Фаулер, похоже, так счастлив был вернуться на родину, что опубликовал не три или четыре статьи, как обещал маркиз, а дюжину.
Дюжину!
Сперва – интервью с «таинственным героем», в котором тот поведал наконец, как сумел сразить дирижабли; судя по репликам, которые Лайзо бы не произнёс никогда в жизни, интервью было выдумано от начала до конца.
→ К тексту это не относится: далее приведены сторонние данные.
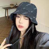 デニム ロゴ チェーンストラップ バケットハット 帽子 サファリハット アウトドア レジャー UV対策 紫外線対策 日焼け対策 韓国ストリート カジュアル メンズライク | KAGEYAMA-SECOND
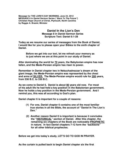 Sermon Daniel: “History in Preview” 8/20/17 6:30PM Daniel 11 on Vimeo
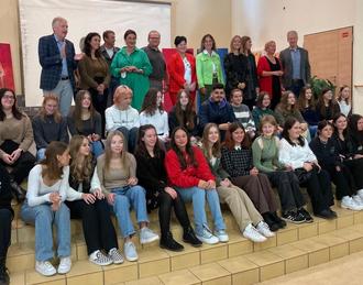 Nach einer Präsentation durch die Schülerinnen und Schüler beider Schulen folgte ein gemeinsamer Rundgang durch das Gebäude. Unsere Besucher bestaunten die Werke der Schülerinnen und Schüler, die in 15 großformatigen Bildern Themen der Nachhaltigkeit und der sozialen Gerechtigkeit über drei Stockwerke hinweg künstlerisch umgesetzt haben. Angeleitet wurden Sie dabei durch die Künstlerin Lioba Amann und die Schulentwicklungsbeauftragte des Landkreises Saarlouis, Frau Natalie Sadik.

Затем появилась статья, описывающая тягости жизни в Смоки Халлоу, «которые, однако, не сломили врождённого благородства». Третья заняла два разворота и описывала тот случай с ядовитым газом на поле боя – и роль Лайзо во всём этом…
Тогда же, к слову, впервые было упомянуто его имя.
Маркиз только посмеивался, когда я при каждой встрече возмущённо зачитывала эти лживые – хотя и льстивые – произведения журналистского жанра, порождения, так сказать, больной фантазии.
– Смиритесь, Виржиния, – посоветовал он в конце концов. – Позвольте создавать репутацию тем, кто разбирается с этим.
– Фаулеру?
– Мне, – усмехнулся он, глянув поверх синих стёклышек. – И ещё. Вы можете сколько угодно говорить, что стиль публикаций вам претит, но когда вы читаете их вслух, то каждый раз улыбаетесь.
Я смутилась и отвернулась к окну; падал снег – крупные хлопья, похожие на лепестки вишни.
– Мне просто не терпится уже узнать, когда… когда Лайзо наконец вернётся.
– Когда придёт время, – ответил маркиз, поднимаясь. – Но если хотите совет… Традиционный бал на Сошествие, разумеется, отменят, но к весне рекомендую вам обновить гардероб – так, чтобы можно было показаться, скажем, на торжественном мероприятии в присутствии Его Величества.
– А что будет весной? – взволнованно спросила я, поднимаясь тоже, едва не опрокинула столик – хорошо ещё, что свидетелей этого позора не было, потому что маркиз предпочитал навещать «Старое гнездо» по утрам, до открытия.